Dopo varie ricerche su siti web e forum di viaggiatori, ho trovato la soluzione per me ideale: partirò il 25 maggio 2011 con un volo Ryanair da Bologna alle 15:55 e arriverò a Bordeaux (Francia) alle 17:50. Da qui ripartirò con un treno (già prenotato su questo sito) alle 19:04 e arriverò a Bayonne alle 20:46. Volo di sola andata con bagaglio speciale (bicicletta) e assicurazione: 105 euro. Lì cercherò un autobus oppure in alternativa dormirò a Bayonne e la mattina seguente alle 8:18 prenderò un treno che mi porterà in 1 ora e 15 minuti a St. Jean Pied de Port (orari treni su questo sito), dove finalmente monterò in sella!

Il viaggio di ritorno è molto più semplice in quanto da Santiago de Compostela c’è un volo diretto Ryanair per Orio al Serio (Bergamo-Milano). Ho già acquistato il biglietto, datato 10 giugno 2011, ore 20:10, arrivo previsto per le 23:00. Volo di sola andata con bagaglio speciale (bicicletta) e assicurazione: 138 euro.

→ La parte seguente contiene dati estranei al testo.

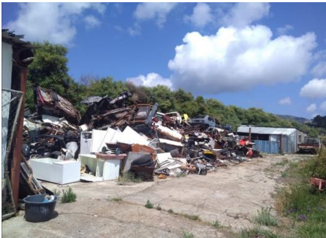
Figura 2.1: Resíduos depositados em 19/01/2018 e 16/07/2018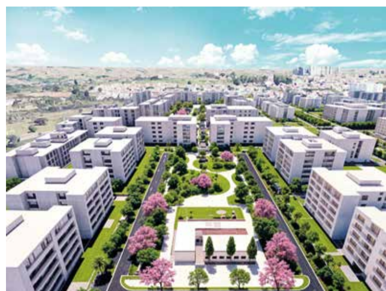
O projeto urbanístico da QE 60 contempla 107 lotes, sendo 92 unidades de uso misto, atraindo novos empreendimentos imobiliários e gerando empregos

No mês passado, a Terracap colocou em licitação um bloco de seis terrenos para edifícios de uso mis-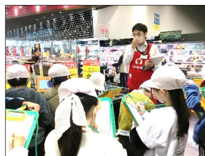
真剣にメモを取る子供たち

店員さんには丁寧に色々なことを教えていただき、見学を通してお店で働いている方々の工夫や思いを知ることができました。倉庫や生鮮・精肉などのバックヤードの裏側にも案内され、初めて足を踏み入れる場所に子供たちは目を輝かせていました。見学をして気付いたことや分かったことなどメモをしながら、スーパーマーケットがどんな工夫をしているのか理解を深めることができました。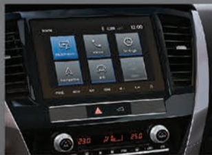
شاشة عرض ذكية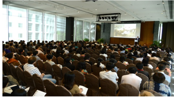
第四屆亞洲博物館網絡會議的相片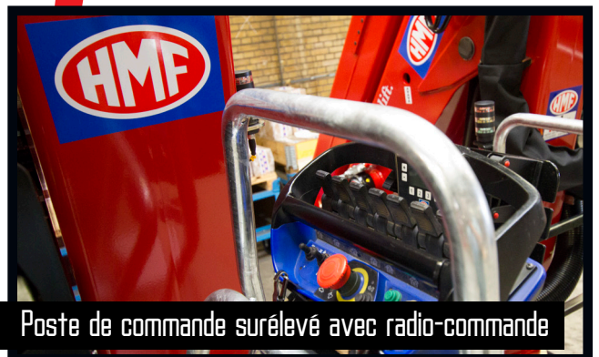
Poste de commande surélevé avec radio-commande

HMF ne transige pas sur le traitement de surface. Cela est possible grâce au traitement ZetaCoat HMF suivi par la pulvérisation de peinture poudre EQC assurant la résistance à la corrosion. Nous vous garantissons la meilleure qualité de peinture imaginable - une qualité qui ne s'altère pas et qui résiste à la corrosion.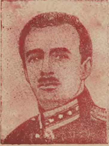
Achmed Zogu Bej, prezydent Albanii z łaski Mussoliniego, znie nawidzonym jest przez ludność.

Niedziela, dnia 10-go kwietnia 1927 roku.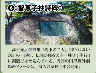
6《智恵子抄詩碑》 高村光太郎直筆『樹下の二人』『あどけない話』の一説を、伝説が残る大小一對の「牛石」に銅版ではめ込んでいる。周囲の円形野外地のイメージは、詩人の草野心平の発案。

日本百名城として多くの方が訪れる、梯郭式の平山城。現在は公園として整備され、園内には多くの見どころがある。特に天守台からの眺めは絶景。市内一円を見渡せる。平成19年国史跡指定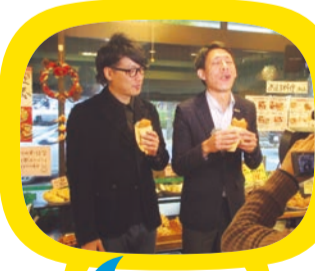
吉本芸人の「囲碁将棋」が美食!

川崎市宮前区の「見たい・知りたい・行ってみたい!」をあなたに代わって調査する「ぐるっとみやまえTV」。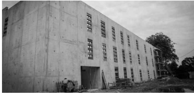
450 ikasleentzako lizeoa eraiki eta hornitzeko laguntza premian dira.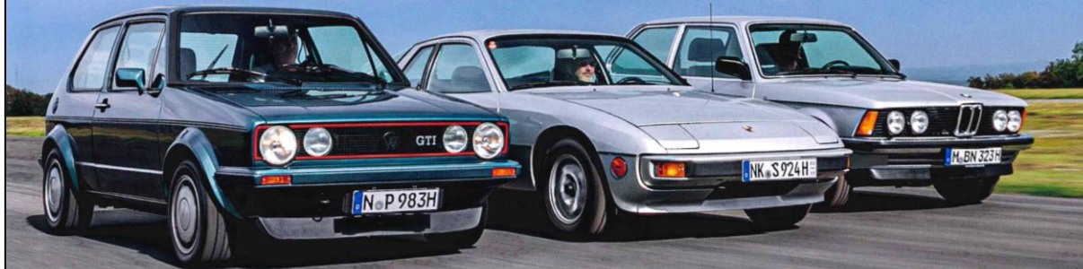
VW Golf I GTI, Porsche 924 und BMW 323i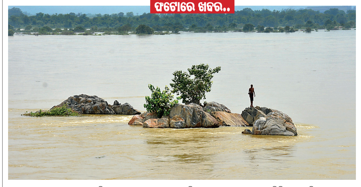
ହାରାକୁ ବ୍ୟାପାରୀ ଶୁକ୍ରବାର ବନ୍ୟାକଳ ନିଷ୍ଠାସନ ପରେ ସମଲପୁର ମହାନଦୀ ମଝିରେ ଥିବା ପଥର ଉପରେ ଜଣେ ବ୍ୟକ୍ତି ଛିଡ଼ା ହୋଇଛନ୍ତି ।

ବରଗଡ଼ ଜିଲା ଗାଇସିଲେଟ୍ ବୁକ୍ ଅଞ୍ଚଳର ଅନେକ କ୍ଷତିଗ୍ରସ୍ତ ଚାଷୀ ଗତ ୨୦୧୯-୨୦ ଫସଲକ୍ଷତି ବାବଦକୁ ଦାମା ଶ୍ରତିପୁରଣ ଏପର୍ଯ୍ୟନ୍ତ ପାଇନାହାନ୍ତି । ଏଭଳି ଅଭିଯୋଗ ନେଇ ତହସିଲଦାରଙ୍କୁ ଏକ ସ୍ମାରକପତ୍ର ଶୁକ୍ରବାର ଭାଙ୍ଗି ପକ୍ଷରୁ ଗାଇସିଲେଟ୍ ତହସିଲ ଅଫିସ୍ ଘେରାଉ କରାଯାଇଥିଲା । ଭାଙ୍ଗି ପକ୍ଷରୁ ଉପସଭାପତି ପ୍ରବାଶ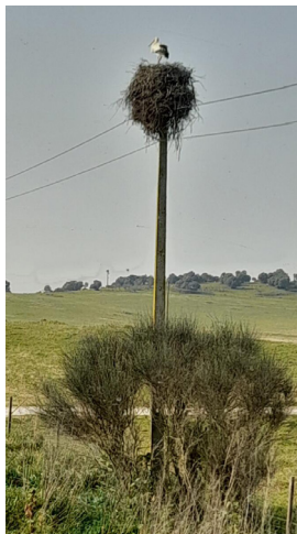
Storkbo. Påfågel vid statmur.

Frukost kl. 7.00, lite vila och kl. 10.00 avgång. Vi hade en halvtimmes resa till Torre de Colheiros där modell gick. Under resan fick vi nummerlappar och dagens karta. Terrängen var mest småkuperad med taggbuskar, stora stenar och en del mindre branter. Efter en runda i skogen åkte vi tillbaka, åt, duschade och vilade inför första tävlingsdagen.

Ora mi sto organizzando per attrezzare bene la bicicletta, ridurre al minimo l’equipaggiamento (vestiti, libri, ecc) e per l’imballaggio/trasporto del mio mezzo a due ruote (qui alcune info utili a riguardo). Nei prossimi giorni pubblicherò un post a riguardo.

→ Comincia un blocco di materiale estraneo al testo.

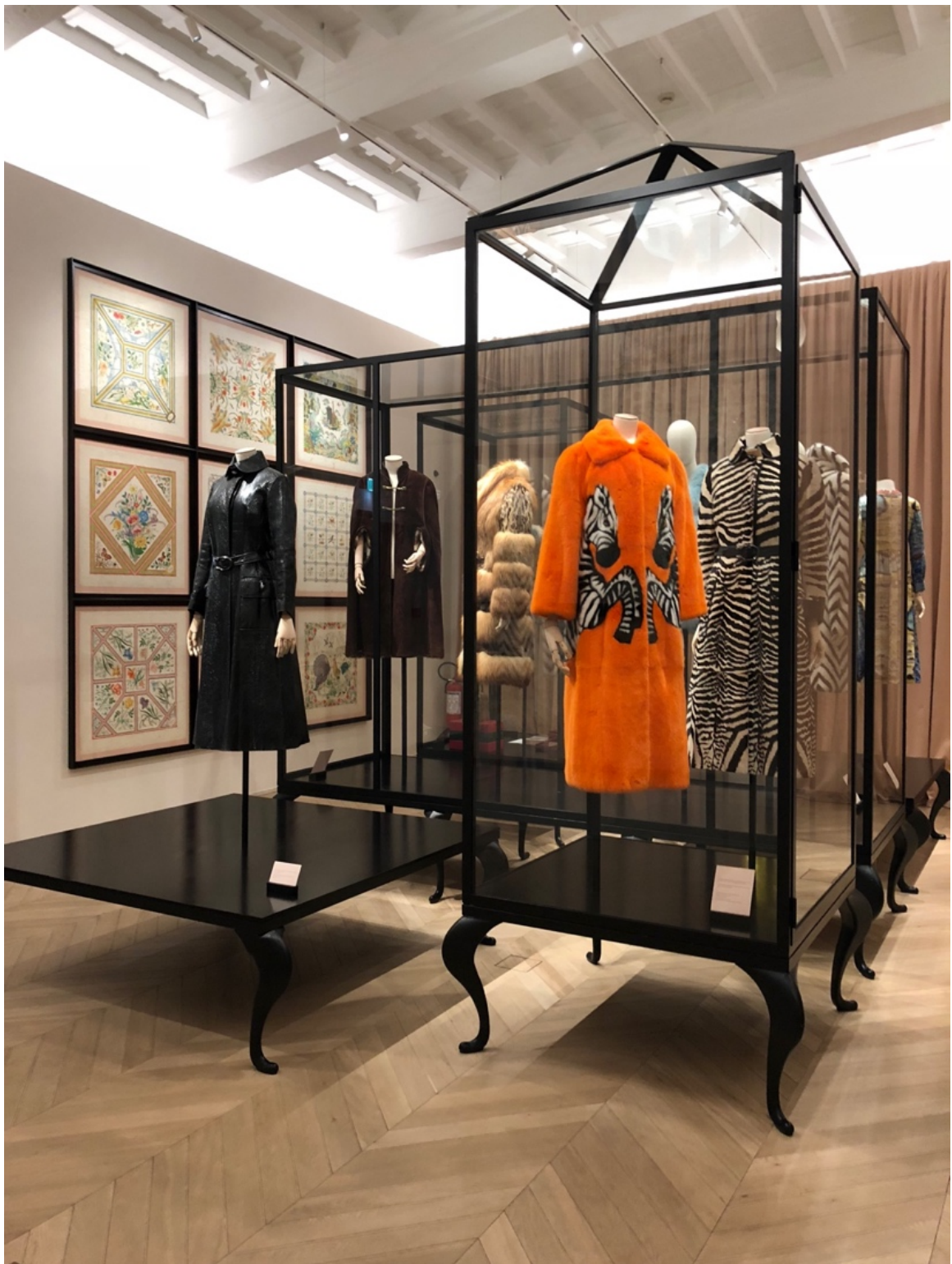
Fig. 23 La Galerie Gucci Garden, Florence, la nouvelle muséographie d’Alessandro Michele

– 8 giorni alla partenza: non vedo l’ora di essere on the road! 


Introduzione

10 maggio 2011

Non ho mai viaggiato in bici, ma da sempre mi affascinano quei bikers intrepidi che ogni tanto si incontrano per strada, con enormi sacche montate sui lati, vestiti consumati e una bandierina che sventola indicandone la provenienza. E’ una delle figure che più mi trasmette il senso di Libertà! Li ho sempre ammirati con stima e simpatia.
Così da anni anch’io avevo in mente un viaggio in bicicletta, in solitaria, tranquillo. La ricerca e la scelta dell’itinerario non è stata difficile: lo storico Cammino di Santiago è tutto ciò che cercavo. Anzi, di più!

Meta di un particolare turismo religioso e non solo che viene compiuto a piedi, in bicicletta, a cavallo e comunque senza mezzi di locomozione a motore, camminando principalmente per strade di campagna con l’unica meta di giungere a Santiago de Compostela presso la tomba dell’Apostolo San Giacomo (Santiago). Andare per strade o semplici vie campestri significa misurarsi con l’inclemenza del clima, con la bellezza del paesaggio e con le sorprese che un uomo può incontrare nell’andare a piedi verso una meta lontana. Per questa ragione vanno subito fissate delle indicazioni precise: 1) Chi va al Cammino di Santiago non è un eroe e neppure una persona fisicamente dotata in modo particolare; 2) Il Cammino di Santiago non deve essere affrontato come un “c’ero anche io” (è praticato da migliaia di pellegrini all’anno); 3) Va tenuto presente che ci sono da percorrere non meno di 30 Km al giorno per molti giorni e che quindi occorre una certa preparazione fisica.

Io non sono credente, non percorrerò quindi questa strada per devozione, ricerca spirituale o penitenza verso un luogo considerato sacro. La percorrerò come “spettatore” e semplice viaggiatore, rispettando naturalmente la sua storia e la sua sacralità. Percorrerò questi 900 km in bicicletta, nell’arco di 15 giorni, senza seguire un programma di viaggio dettagliato. A differenza dei miei viaggi precedenti, questa volta ho deciso di non coinvolgere sponsor e partner: voglio dedicarmi al 100% all’Andare! Non assicuro infatti un aggiornamento costante del blog, che sarà comunque completato se non durante il viaggio in un secondo momento. La data di partenza è fissata per il 25 maggio. I prossimi giorni inserirò informazioni e dettagli sui preparativi, utili per altri viaggiatori interessati a questa avventura.